Another question was trembling on Montrose's lips, but he refrained from putting it, and with a silent hand-shake departed slowly. Accustomed to come and go at will in this house, which was more a home to him than any habitation he had known, the young man descended the stairs and let himself out into the silent square. The balmy summer night was brilliant with stars, and charged with some mysterious healing influence, which soothed and relaxed his weary nerves. On all sides the great city was yet awake and alive with people, each one intent upon the realisation of his or her desire. But here, isolated from the roaring thoroughfares, the quadrangle was comparatively lonely and dark, as the passers-by were few and the lights widely scattered. The central gardens, with their trees and shrubs and turf and flowers, slept within the rusty iron railings, speaking every now and then as a wandering breeze woke the leaves to sigh and whisper. The hurrying steps of a wayfarer, the measured heavy tread of a policeman, the murmur of distant life: Montrose heard these things without hearing as it were, as without seeing he stared at the silent cats gliding through the shadows. He walked along, wrapped up in his own thoughts, seeking mechanically his rooms and bed.

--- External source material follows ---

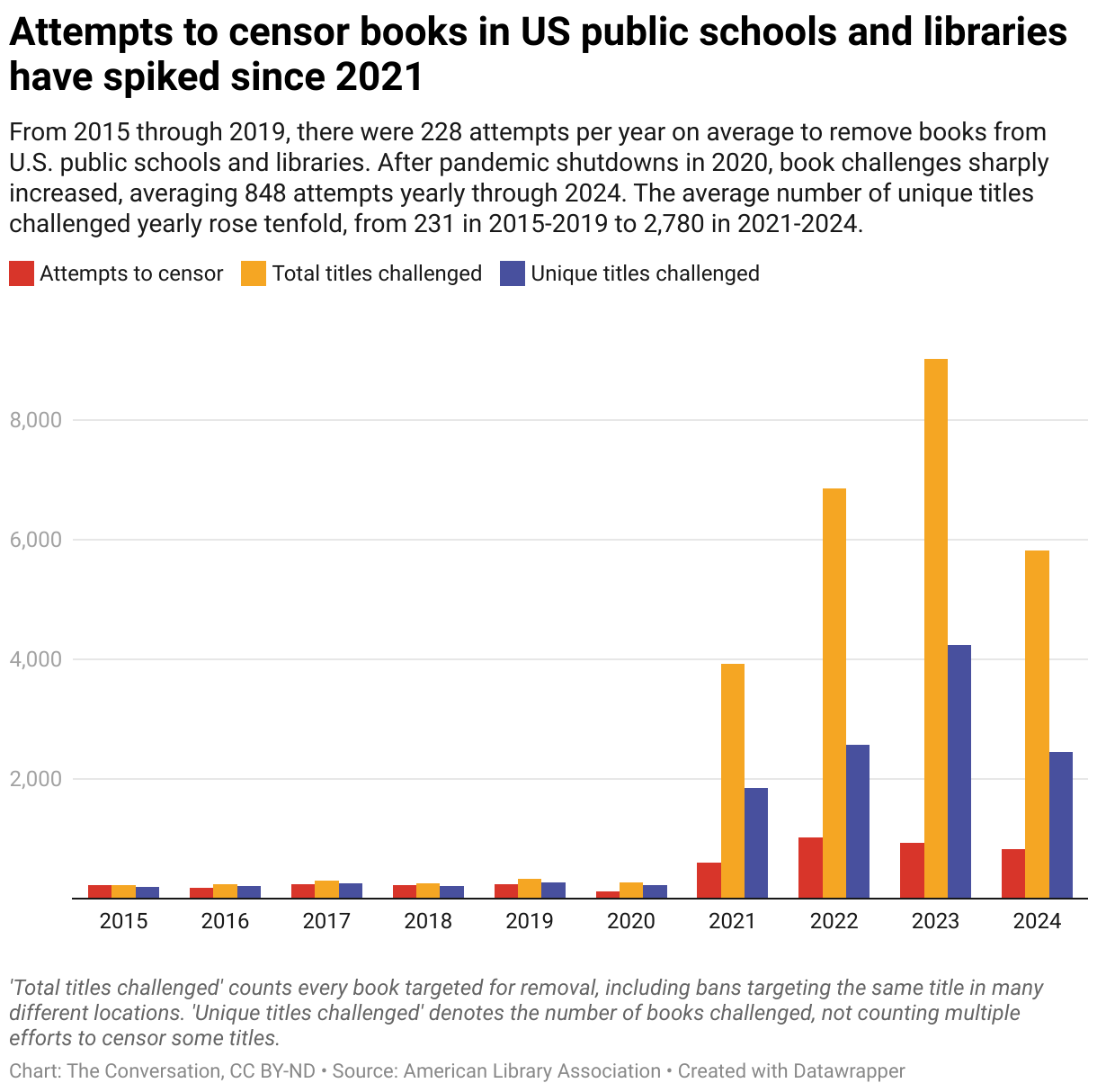 Over the past decade, a growing movement to restrict access to books in public schools and libraries has spread across the country. Every year, there are hundreds of attempts to challenge or ban books, targeting thousands of titles.

Notwithstanding his accession to considerable wealth, the fortunate youth had but slightly changed his mode of living. He enjoyed better lodgings, better clothes, more nourishing food, and was free from the obligation of compulsory work to exist. But he still lived in unfashionable Bloomsbury, a quiet, inexpensive, and somewhat recluse life, not seeking to enter what is known as society. With his good looks and undeniable talents and newly acquired wealth, he would have been welcome to the gay throng who flutter in the sunshine of pleasure. But there was nothing in Montrose which responded to such aimless allurements. Once or twice friends had taken him to this house and that, where the butterflies gathered, and on this particular night Eberstein had induced him to dine at Mrs. Barrast's. But entertainments of all kinds bored Montrose immensely, and only the presence of Alice had aided him to endure the shallow chatter of his hostess and the artificiality of his surroundings. The after-events in Eberstein's room had both startled and awed him, so that he was still greatly moved by what had taken place when he reached his modest lodgings.

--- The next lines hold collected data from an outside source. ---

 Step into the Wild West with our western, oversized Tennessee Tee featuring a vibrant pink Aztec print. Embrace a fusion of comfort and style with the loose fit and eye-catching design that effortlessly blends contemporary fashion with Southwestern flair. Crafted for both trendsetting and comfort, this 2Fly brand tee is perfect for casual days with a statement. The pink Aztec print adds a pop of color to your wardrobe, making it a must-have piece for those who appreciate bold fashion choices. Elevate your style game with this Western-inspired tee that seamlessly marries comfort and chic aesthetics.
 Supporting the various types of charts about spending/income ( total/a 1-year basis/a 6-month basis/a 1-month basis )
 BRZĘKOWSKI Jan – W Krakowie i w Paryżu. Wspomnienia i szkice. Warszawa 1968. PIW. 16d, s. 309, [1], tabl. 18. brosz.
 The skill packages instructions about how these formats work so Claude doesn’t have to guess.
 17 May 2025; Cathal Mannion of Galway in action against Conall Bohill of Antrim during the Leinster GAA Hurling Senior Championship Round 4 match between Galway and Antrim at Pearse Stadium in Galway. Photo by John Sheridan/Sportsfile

But, as common sense told him, thinking would not help him, as his thoughts spun in a circle and always brought him back to the same point. That point was the meeting with Alice and the weird feelings which contact with her personality had aroused in him. She belonged to his life in some way which he could not quite put into words, and he belonged to hers. They were together and yet apart, but what parted them it was impossible to say, as the vision had not indicated in detail the especial sin, or what had led to the commission of that sin. Soon he would know more—Eberstein had assured him of that. Therefore it would be best to wait for the knowledge. He had been given light enough in the darkness of the path to take the next step, and that light revealed Alice waiting for him to come to her. He was only too willing to do so, as the feeling that he loved her deeply grew with overwhelming swiftness. When she knew what was in his heart and he knew what was in hers, then the next step could be taken. What it might be and where it would lead to Montrose could not say.

However, the doctor had given him necessary instructions for the moment in the phrase "Watch and pray!" To watch for the dawning love in Alice and to pray that he might be worthy of such love seemed to be his task, and a very delightful task it would be. Therefore Montrose knelt down and prayed with all his clean heart that every possible blessing might befall the girl and that, if it was God's will, he might become her husband to cherish and protect her. Then he went to bed in a peaceful frame of mind. Sleep came to him almost immediately, but before his eyes closed he felt that Alice was near him, and knew that in some wordless manner Alice spoke to him.

"We have much to learn and there is pain in the learning," she whispered, "but we are together to suffer together."

"Suffering does not matter," said Montrose, as in a dream, "we are together!"